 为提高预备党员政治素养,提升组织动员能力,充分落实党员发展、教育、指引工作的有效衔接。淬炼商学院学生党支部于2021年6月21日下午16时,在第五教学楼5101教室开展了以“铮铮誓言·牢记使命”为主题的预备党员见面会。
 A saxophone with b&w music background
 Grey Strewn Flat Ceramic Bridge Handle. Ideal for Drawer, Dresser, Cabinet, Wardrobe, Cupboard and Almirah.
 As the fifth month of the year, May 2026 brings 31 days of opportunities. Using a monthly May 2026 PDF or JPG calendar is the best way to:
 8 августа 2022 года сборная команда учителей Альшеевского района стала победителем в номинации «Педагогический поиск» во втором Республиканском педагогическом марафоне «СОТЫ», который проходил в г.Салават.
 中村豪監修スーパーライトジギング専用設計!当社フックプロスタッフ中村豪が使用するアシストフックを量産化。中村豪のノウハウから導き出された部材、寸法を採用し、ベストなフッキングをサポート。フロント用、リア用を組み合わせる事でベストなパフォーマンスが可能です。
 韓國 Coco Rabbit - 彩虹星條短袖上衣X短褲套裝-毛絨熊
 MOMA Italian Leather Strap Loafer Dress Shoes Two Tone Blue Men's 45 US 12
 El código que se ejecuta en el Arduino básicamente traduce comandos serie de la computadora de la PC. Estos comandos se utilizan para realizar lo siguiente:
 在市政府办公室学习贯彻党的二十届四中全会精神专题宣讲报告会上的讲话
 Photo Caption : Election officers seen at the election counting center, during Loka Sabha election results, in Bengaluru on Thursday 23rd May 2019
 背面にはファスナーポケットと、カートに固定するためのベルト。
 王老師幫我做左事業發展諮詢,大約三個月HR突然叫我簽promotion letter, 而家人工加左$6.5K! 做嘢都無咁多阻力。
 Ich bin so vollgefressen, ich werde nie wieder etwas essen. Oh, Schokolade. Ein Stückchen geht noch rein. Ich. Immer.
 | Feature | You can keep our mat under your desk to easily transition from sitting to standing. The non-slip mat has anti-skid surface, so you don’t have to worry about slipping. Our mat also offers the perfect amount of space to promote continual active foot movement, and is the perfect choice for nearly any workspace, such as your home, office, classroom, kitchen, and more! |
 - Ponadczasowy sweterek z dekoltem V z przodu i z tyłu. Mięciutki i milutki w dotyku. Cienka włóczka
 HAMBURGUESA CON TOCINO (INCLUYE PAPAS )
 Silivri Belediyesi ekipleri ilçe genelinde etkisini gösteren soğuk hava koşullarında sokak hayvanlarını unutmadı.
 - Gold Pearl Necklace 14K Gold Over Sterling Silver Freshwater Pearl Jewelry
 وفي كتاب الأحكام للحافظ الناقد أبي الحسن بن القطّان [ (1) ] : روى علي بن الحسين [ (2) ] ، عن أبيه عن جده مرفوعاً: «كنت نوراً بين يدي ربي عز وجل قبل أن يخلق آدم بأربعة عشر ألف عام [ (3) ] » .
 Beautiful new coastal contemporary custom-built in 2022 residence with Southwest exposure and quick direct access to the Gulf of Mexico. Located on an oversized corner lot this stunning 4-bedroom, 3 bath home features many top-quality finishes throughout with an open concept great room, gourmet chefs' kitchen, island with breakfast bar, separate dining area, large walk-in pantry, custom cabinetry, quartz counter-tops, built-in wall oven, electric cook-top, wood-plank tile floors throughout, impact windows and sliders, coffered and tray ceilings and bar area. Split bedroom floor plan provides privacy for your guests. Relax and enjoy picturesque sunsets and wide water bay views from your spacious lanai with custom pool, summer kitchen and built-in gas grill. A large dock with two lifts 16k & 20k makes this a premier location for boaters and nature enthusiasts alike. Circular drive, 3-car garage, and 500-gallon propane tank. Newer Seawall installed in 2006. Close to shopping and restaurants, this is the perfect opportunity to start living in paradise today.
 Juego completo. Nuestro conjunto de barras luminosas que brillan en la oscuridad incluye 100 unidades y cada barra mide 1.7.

-.-.-

### TASK REQUIREMENTS
Transcribe the listing from start to finish, exactly as given.

### RESPONSE TO THIS EXERCISE
 为提高预备党员政治素养,提升组织动员能力,充分落实党员发展、教育、指引工作的有效衔接。淬炼商学院学生党支部于2021年6月21日下午16时,在第五教学楼5101教室开展了以“铮铮誓言·牢记使命”为主题的预备党员见面会。
 A saxophone with b&w music background
 Grey Strewn Flat Ceramic Bridge Handle. Ideal for Drawer, Dresser, Cabinet, Wardrobe, Cupboard and Almirah.
 As the fifth month of the year, May 2026 brings 31 days of opportunities. Using a monthly May 2026 PDF or JPG calendar is the best way to:
 8 августа 2022 года сборная команда учителей Альшеевского района стала победителем в номинации «Педагогический поиск» во втором Республиканском педагогическом марафоне «СОТЫ», который проходил в г.Салават.
 中村豪監修スーパーライトジギング専用設計!当社フックプロスタッフ中村豪が使用するアシストフックを量産化。中村豪のノウハウから導き出された部材、寸法を採用し、ベストなフッキングをサポート。フロント用、リア用を組み合わせる事でベストなパフォーマンスが可能です。
 韓國 Coco Rabbit - 彩虹星條短袖上衣X短褲套裝-毛絨熊
 MOMA Italian Leather Strap Loafer Dress Shoes Two Tone Blue Men's 45 US 12
 El código que se ejecuta en el Arduino básicamente traduce comandos serie de la computadora de la PC. Estos comandos se utilizan para realizar lo siguiente:
 在市政府办公室学习贯彻党的二十届四中全会精神专题宣讲报告会上的讲话
 Photo Caption : Election officers seen at the election counting center, during Loka Sabha election results, in Bengaluru on Thursday 23rd May 2019
 背面にはファスナーポケットと、カートに固定するためのベルト。
 王老師幫我做左事業發展諮詢,大約三個月HR突然叫我簽promotion letter, 而家人工加左$6.5K! 做嘢都無咁多阻力。
 Ich bin so vollgefressen, ich werde nie wieder etwas essen. Oh, Schokolade. Ein Stückchen geht noch rein. Ich. Immer.
 | Feature | You can keep our mat under your desk to easily transition from sitting to standing. The non-slip mat has anti-skid surface, so you don’t have to worry about slipping. Our mat also offers the perfect amount of space to promote continual active foot movement, and is the perfect choice for nearly any workspace, such as your home, office, classroom, kitchen, and more! |
 - Ponadczasowy sweterek z dekoltem V z przodu i z tyłu. Mięciutki i milutki w dotyku. Cienka włóczka
 HAMBURGUESA CON TOCINO (INCLUYE PAPAS )
 Silivri Belediyesi ekipleri ilçe genelinde etkisini gösteren soğuk hava koşullarında sokak hayvanlarını unutmadı.
 - Gold Pearl Necklace 14K Gold Over Sterling Silver Freshwater Pearl Jewelry
 وفي كتاب الأحكام للحافظ الناقد أبي الحسن بن القطّان [ (1) ] : روى علي بن الحسين [ (2) ] ، عن أبيه عن جده مرفوعاً: «كنت نوراً بين يدي ربي عز وجل قبل أن يخلق آدم بأربعة عشر ألف عام [ (3) ] » .
 Beautiful new coastal contemporary custom-built in 2022 residence with Southwest exposure and quick direct access to the Gulf of Mexico. Located on an oversized corner lot this stunning 4-bedroom, 3 bath home features many top-quality finishes throughout with an open concept great room, gourmet chefs' kitchen, island with breakfast bar, separate dining area, large walk-in pantry, custom cabinetry, quartz counter-tops, built-in wall oven, electric cook-top, wood-plank tile floors throughout, impact windows and sliders, coffered and tray ceilings and bar area. Split bedroom floor plan provides privacy for your guests. Relax and enjoy picturesque sunsets and wide water bay views from your spacious lanai with custom pool, summer kitchen and built-in gas grill. A large dock with two lifts 16k & 20k makes this a premier location for boaters and nature enthusiasts alike. Circular drive, 3-car garage, and 500-gallon propane tank. Newer Seawall installed in 2006. Close to shopping and restaurants, this is the perfect opportunity to start living in paradise today.
 Juego completo. Nuestro conjunto de barras luminosas que brillan en la oscuridad incluye 100 unidades y cada barra mide 1.7.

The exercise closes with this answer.